World Health Organization Regional Office for South-East Asia

Malaria Situation in SEAR Countries

Myanmar

 

Bangladesh

Bhutan

DPR Korea

India

Indonesia

Maldives

Myanmar

Nepal

Sri lanka

Thailand

Timor-Leste

Malaria is the most important public health problem in Myanmar and is the first priority in health planning.  During pre eradication era, the estimated number of cases were around 0.5 million and estimated malaria mortality were around 11000. In 1974, the reported number of cases was below 9500.  The situation deteriorated thereafter severely.  An analysis of the epidemiological information for mid 70’s shows that the , despite the antimalaria control programme, then parasite reservoir in the country had been increased.  The area under operations other than those covered by drug availability alone, covered population of 71%.  The ABER  declined during 1974 to 1979 and API though fluctuating but had definite upward trend.  SPR too increased from 1.7% in 1967 to 7.7% in 1980.  Up to 1980’s, the ABER remained above 3% after ward it declined and reached to below 1% in 1997.  The reported number of cases increased from 7058 in 1971 to 30,870 in 1980.  It further increased to 135,194 in 1989 and thereafter it start declining and remained static around 100.000 cases per annum from 1995 to 1997.  In 1998, situation start deteriorating with120000 reported cases and became worse in 2003 by registering 177,496 cases.
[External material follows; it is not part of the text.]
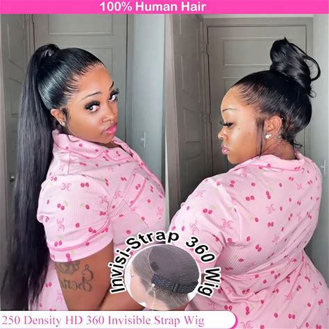 Invisible Strap HD 360 Full Lace Wig Human Hair 250 Density Wig Bone Straight Pre Cut 360 Lace Front

The situation improved a little bit in 2004 when reported cases reduced to 152070 showed a decline of 14.3%.  Due  to financial support received from 3D funds the case finding activities has increased tremendously in 2008 and total number of confirmed cases increased up to 411,494. It is worth noticing to watch the increase in SPR% since 1985 onwards. It increased from 5% in 1985 to 11.6% in 1990 to 20.6% in 1995 and touched it’s peak at 37.0% in 2002. Further, it reduced to 35.2% in 2004 but again slightly increased to 35.7% in 2005 and finally reached to 43.4% in 2008.   The Pf% increased from 60% in 1965 to 82.3% in 1980 to 85.6% in 1985 and touched its peak at 89% in 1988 and stabilised around 82% till 2000 after that it keep on decreasing and reached up to 73.8% in 2002.  The decrease in Pf% was short lived and it touches 78.1% again in 2004 and finally, it reaches upto 87% in 2008.  The reported malaria mortality is always highest from Myanmar. From 1718 malaria deaths in 1981 it increased 2,856 in 1985 to 5231 in 1991 then it declined to 3,526 in 1995 and 2,476 in 2003 and upto 1088 deaths in 2008. 

Myanmar has reported an increase in the number of cases confirmed by microscopy from 120,029 in 2000 to 224,205 in 2008.  This is associated with a 20% increase in the number of patients receiving slide examination and an increase in the slide positivity rate from 31% to 45%. (the SPR (including RDT )was between 35-42%).  The introduction of RDTs added a further 187,289 confirmed cases in 2008.   The percentage of cases due to P. falciparum has shown a increase from 80% in 2000 to 87% in 2008 (as almost all RDT used to detect Pf cases only).  The number of malaria admissions has declined since 2000 from 85,409 to 47,553 in 2008 as has the number of deaths from 2756 to 1088.  Malaria represented 6% of all admissions in 2008 compared to 16% in 2000 and 11% of recorded deaths in  2008 compared to 19% in 2000.  While these latter observations may suggest some improvements in the malaria situation, the reasons behind these trends, such as improved diagnostic practices or the effect of increased use of ACTs, are not clear.   1.5 million ITNs were delivered between 2006 and 2008 enough to cover 12% of the population classified as living at high risk of malaria.  An additional 11,000 people benefited from IRS.  Overall the evidence suggests that there has been little change in the malaria situation since 2000.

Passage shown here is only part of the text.